***** Material for this task

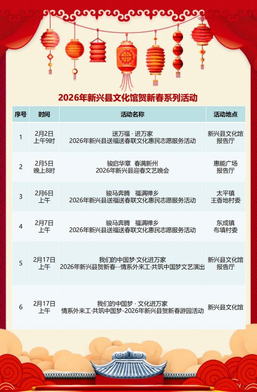 为弘扬中华优秀传统文化,丰富人民群众春节期间节日文化生活,2026年新兴县文化馆贺新春系列活动如下:
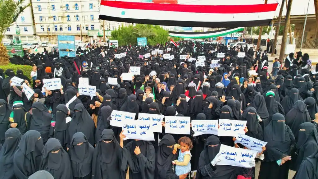 مسيرة نسوية غاضبة في مأرب تندد بسياسة التجويع الإسرائيلية في غزة
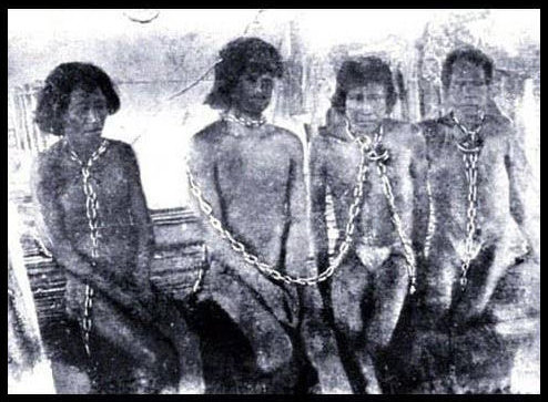 Outra imagem muito associada aos últimos charruas parece corresponder, na verdade, a indígenas aprisionados no alto Amazonas. Uma imagem deprimente principalmente se confrontada às principais características consagradas àqueles povos: valentia, bravura, etc, etc, etc.
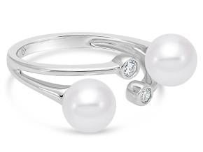 Pearl and Diamond Wrap Ring in 18K White Gold (0.12ctw)
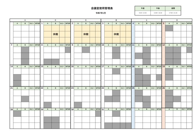 1月 EVENT CALENDER

**********

— Exercise —
Up to and including the line that contains "Pearl and Diamond", print the records above exactly from their first line, without any pictures.

— Output of the task —
 为弘扬中华优秀传统文化,丰富人民群众春节期间节日文化生活,2026年新兴县文化馆贺新春系列活动如下:
 مسيرة نسوية غاضبة في مأرب تندد بسياسة التجويع الإسرائيلية في غزة
 Outra imagem muito associada aos últimos charruas parece corresponder, na verdade, a indígenas aprisionados no alto Amazonas. Uma imagem deprimente principalmente se confrontada às principais características consagradas àqueles povos: valentia, bravura, etc, etc, etc.
 Pearl and Diamond Wrap Ring in 18K White Gold (0.12ctw)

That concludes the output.